Judge Calabresi declares, “We hold that there is a reasonable probability that had this material (the statement implicating Djonovic) been available the result in the case would have been quite different.”

Those who have observed the patterns and practices over twelve years in the Westchester District Attorney’s Office under Jeanine Pirro are only too well aware of the repeated outrageous prosecutorial misconduct, and outright criminal activity engaged in to achieve her despicable self-promotional agenda, The Anthony DiSimone case is but one of a long list of serious injustices perpetrated by Jeanine Pirro and a small number of misguided and selfishly motivated prosecutors whose criminal and reprehensible actions are just now slowly coming to light.
There are numerous innocent individuals, who, like Mr. DiSimone have been incarcerated for crimes they did not commit. They and their families have paid, and continue to pay, for the mistake the People of Westchester made three times when they entrusted Jeanine Pirro to be their chief law enforcement officer. Over Time, as the courts recognize the magnitude and the frequency of Mrs. Pirro’s evil, criminal deeds, underthe color of law, the taxpayers of Westchester will be burdened with the cost of compensating her victims.
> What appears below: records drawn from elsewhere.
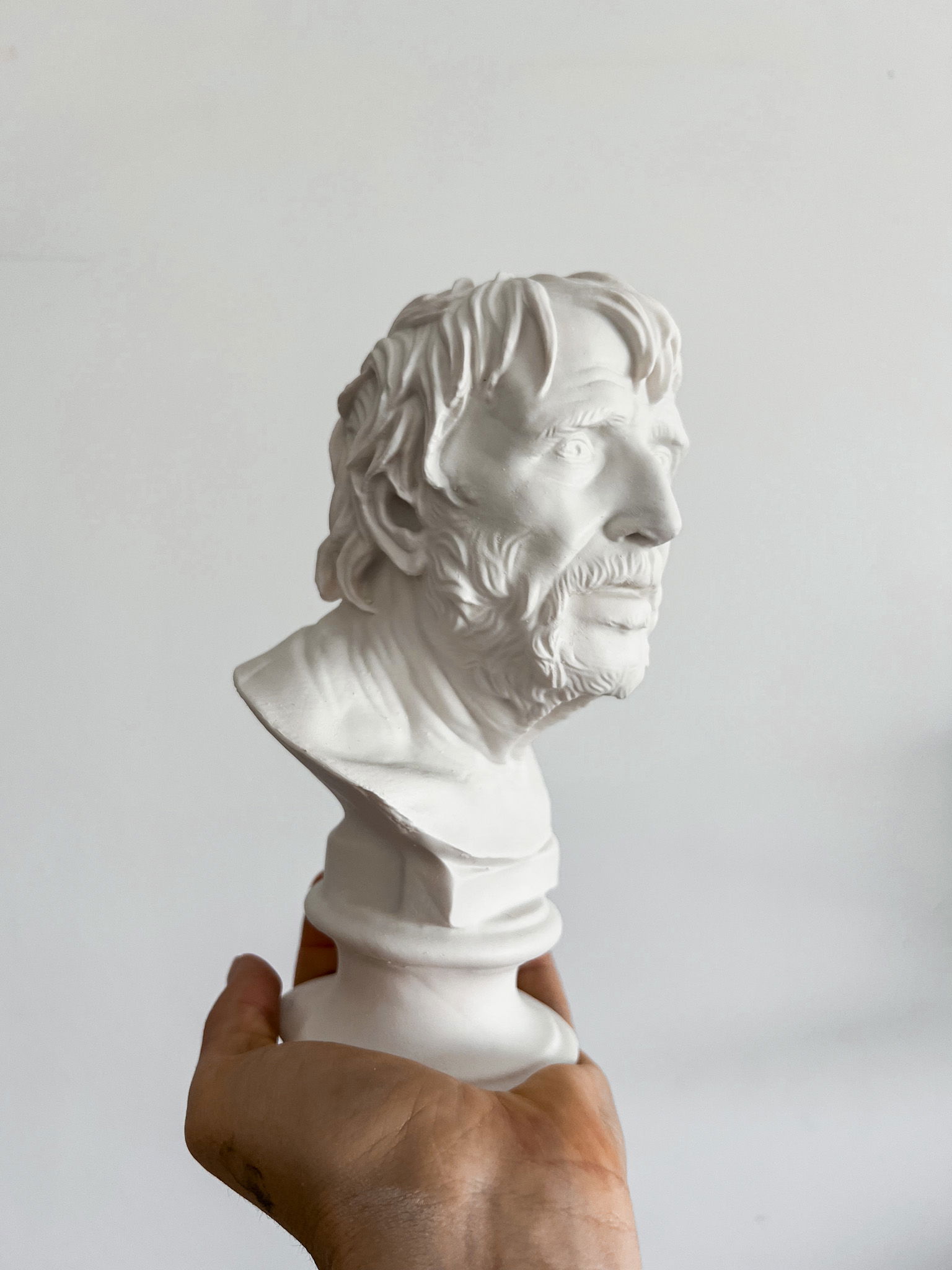 Cada pieza se imprime en 3D con resina UV, logrando una definición impecable en los detalles. Luego, la rellenamos para darle peso y estabilidad. Finalmente, la pintamos con aerosol para obtener un acabado mate que recuerda al concreto, como en nuestra colección general.
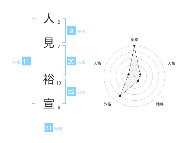 人見 裕宣さんを姓名の画数から五運を鑑定
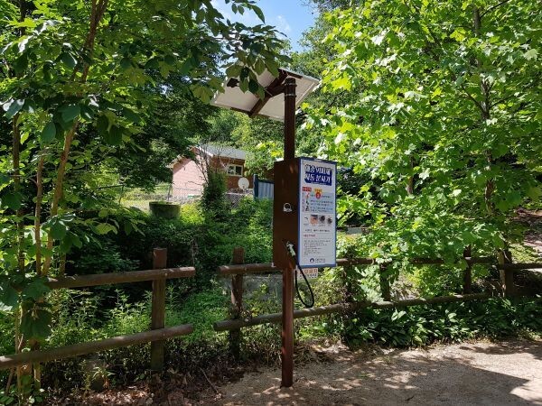 이번에 설치한 기피제 자동분사기는 분사기 손잡이를 당겨 팔과 다리, 착용한 옷위에 뿌리는 방식으로 누구나 손쉽게 사용할 수 있다.

The Depraved Indifference Murder Statute has been a “boondoggle,” abused and manipulated by prosecutors throughout New York State for 39 years, with the full knowledge and complicity of the state’s highest court. Not until March 2004, with the Gonzalez Decision, out of Rochester, did the Court of Appeals begin to seriously, if not wholeheartedly, come to grips with the injustices worked by ruthless prosecutors throughits nebulous and confusing language.

Some prosecutors more than others, those whose agendas were most self-promotional, such as Jeanine Pirro, and Charles Hynes, abused the statute to the level of criminality, frequently offering juries, and unwary judges, a smorgasbord selection of murder theories, Intentional, or Depraved Mind, counting on the notion that “juries love to compromise.”

Those of us who attended the oral arguments in the DiSimone case, emerged from the courthouse not quite sure of what we had witnessed, given that the principle claim involved Depraved Indifference Murder, and yet, the three justices had continued to dwell on, and ask questions, almost exclusively, about Brady violations. Later that day we got a glimpse of what was on their minds, when the Court posted information on the Policano case, and took the most unusual step, calling upon the New York State Court of Appeals for “certification” regarding the Depraved Indifference Murder Statute, and whether the rules of interpretation under which that court has been recently operating constitute “old, or new, law.”

In reality, the Federal Court was saying to the state’s highest court, “You’ve permitted this situation that unjustly, and unfairly advantages prosecutors to go on for nearly forty years. And, now, suddenly two years ago, you began dealing with it. Well, some of the residue is landing on our steps, so please give us some guidance to help us clean up your mess.”